Supplied material

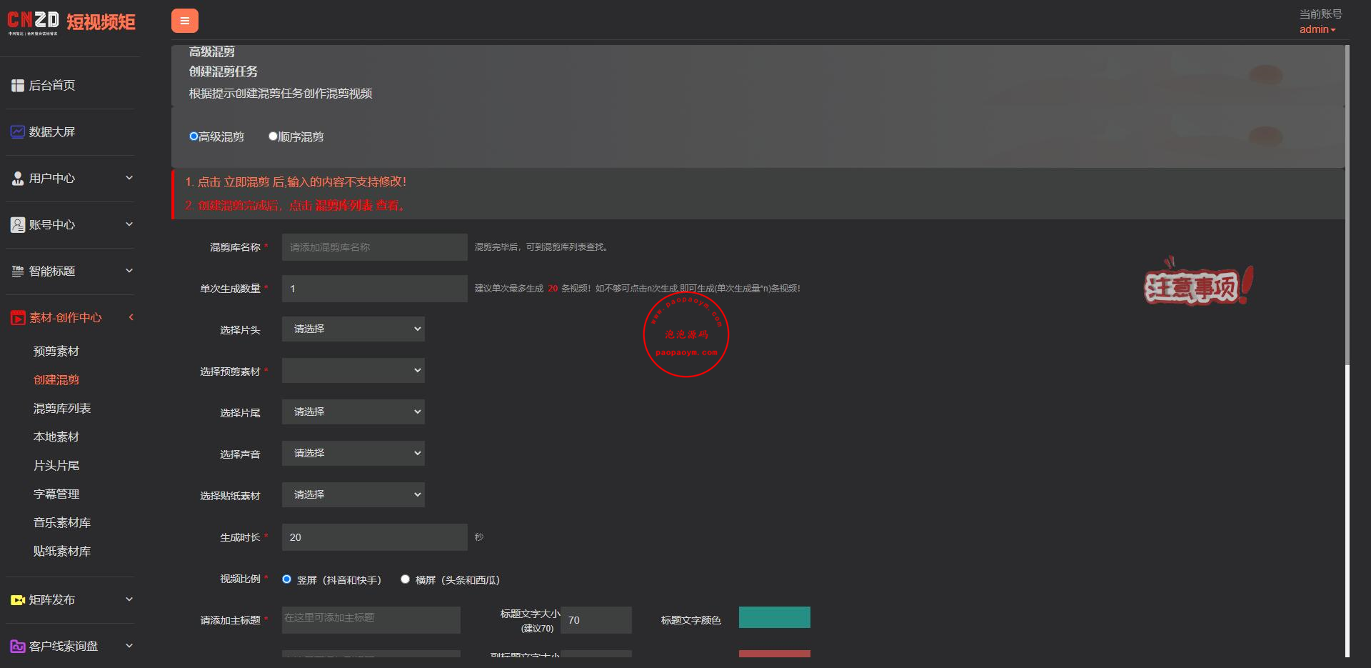 1、新增混剪音乐素材库管理;
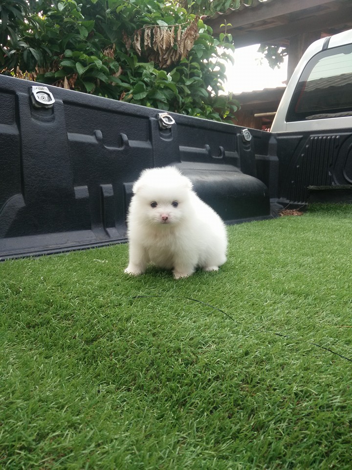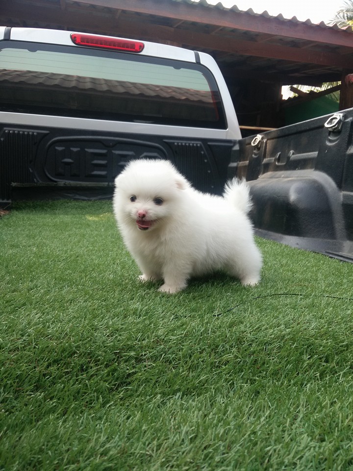 ปอมเพศผู้ตัวที่ 2 สีขาว ฟอร์มเลี้ยงเล่นไซต์มาตราฐาน[มีรูปพ่อแม่] เกิด 23 มีนาคม 2559 แข็งแรงทานอาหารเองได้แล้ว พร้อมย้ายบ้าน ลูกค้าที่อยู่ลำปางหรือจังหวัดใกล้เคียงมาดูเด็กๆได้ที่บ้านข้างเซนทรัลลำปางทางเรามีบริการจัดส่งและส่งทางเครื่องบิน
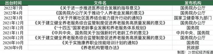 近年来,我国医养政策不断更新,国内养老政策频出,取得积极进展,相关意见逐渐走向深化细化,我国养老服务保障体系的建立逐渐走上正轨。
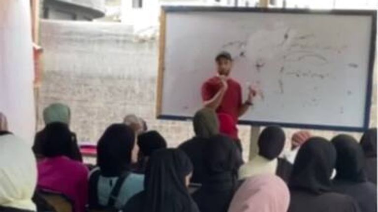 In May last year, Mr Abu Riziq set up his own tent school using the leftover parachute from an aid drop. He has since expanded to five schools, providing education and psychological support to around 2,000 children aged five to 14.
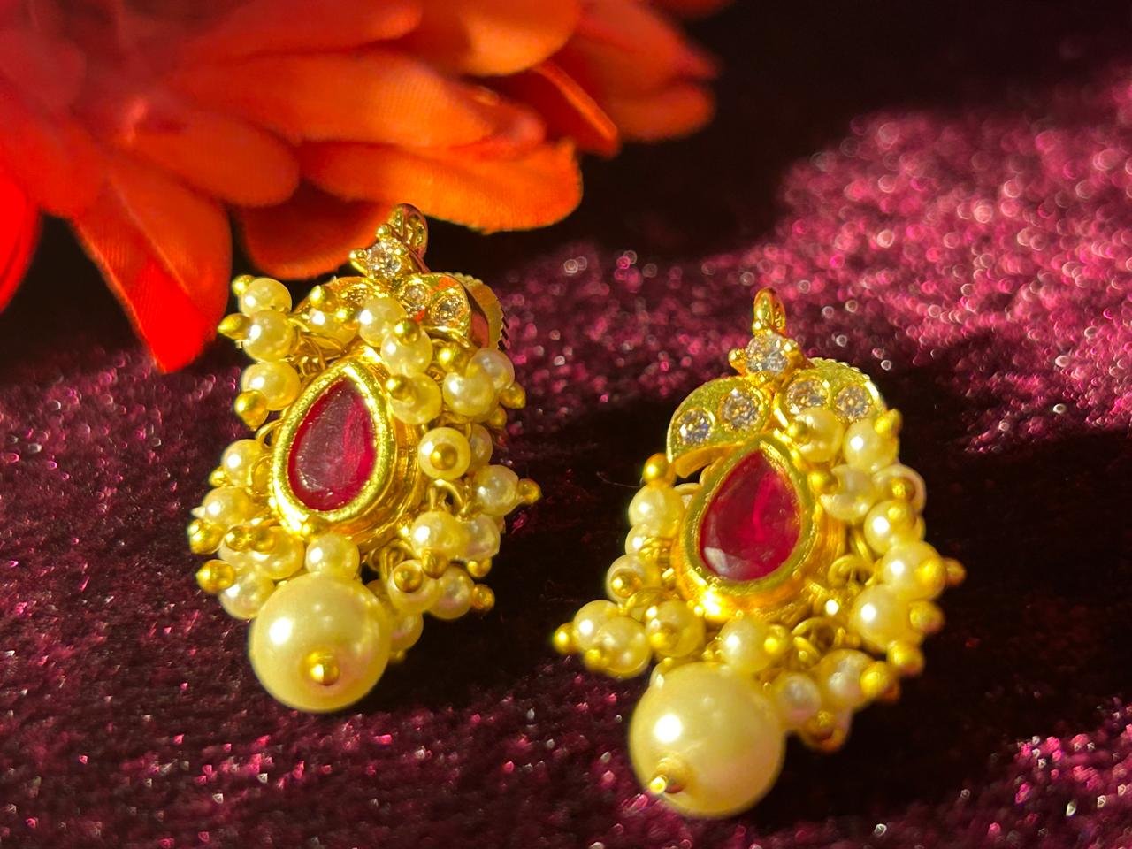 Pulivarthys Floral Design Stone Stud Earrings for Women & Girls
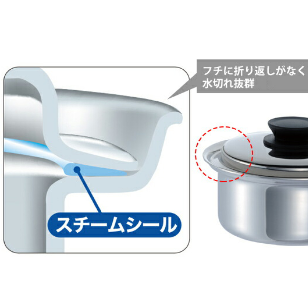 | 材質 | 本体:3層クラッド材(内側:ステンレス鋼、中心:アルミニウム合金、外側:ステンレス鋼) 本体内面:ラセン研磨仕上げ 本体外面:ミラー研磨仕上げ 蓋:ステンレス鋼 ハンドル:フェノール樹脂 蓋ツマミ:フェノール樹脂 |
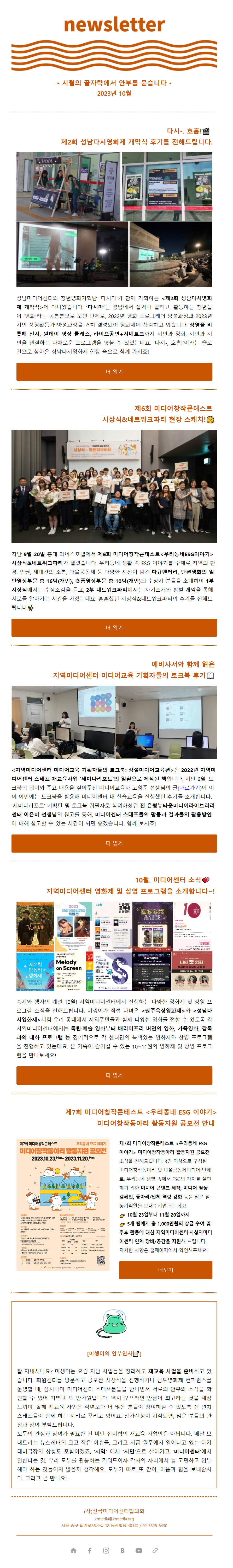 [전국미디어센터협의회] 뉴스레터 26 시월의 끝자락에서 안부를 묻습니다 (2023년 10월) 전미협2024.01.12 17:24:31 조회1193 * 본 이미지를 클릭하시면 뉴스레터 화면으로 연결됩니다 *

What to do
Copy the material exactly as written and leave every picture behind.

Finished task
 1、新增混剪音乐素材库管理;
 ปอมเพศผู้ตัวที่ 2 สีขาว ฟอร์มเลี้ยงเล่นไซต์มาตราฐาน[มีรูปพ่อแม่] เกิด 23 มีนาคม 2559 แข็งแรงทานอาหารเองได้แล้ว พร้อมย้ายบ้าน ลูกค้าที่อยู่ลำปางหรือจังหวัดใกล้เคียงมาดูเด็กๆได้ที่บ้านข้างเซนทรัลลำปางทางเรามีบริการจัดส่งและส่งทางเครื่องบิน
 近年来,我国医养政策不断更新,国内养老政策频出,取得积极进展,相关意见逐渐走向深化细化,我国养老服务保障体系的建立逐渐走上正轨。
 In May last year, Mr Abu Riziq set up his own tent school using the leftover parachute from an aid drop. He has since expanded to five schools, providing education and psychological support to around 2,000 children aged five to 14.
 Pulivarthys Floral Design Stone Stud Earrings for Women & Girls
 | 材質 | 本体:3層クラッド材(内側:ステンレス鋼、中心:アルミニウム合金、外側:ステンレス鋼) 本体内面:ラセン研磨仕上げ 本体外面:ミラー研磨仕上げ 蓋:ステンレス鋼 ハンドル:フェノール樹脂 蓋ツマミ:フェノール樹脂 |
 [전국미디어센터협의회] 뉴스레터 26 시월의 끝자락에서 안부를 묻습니다 (2023년 10월) 전미협2024.01.12 17:24:31 조회1193 * 본 이미지를 클릭하시면 뉴스레터 화면으로 연결됩니다 *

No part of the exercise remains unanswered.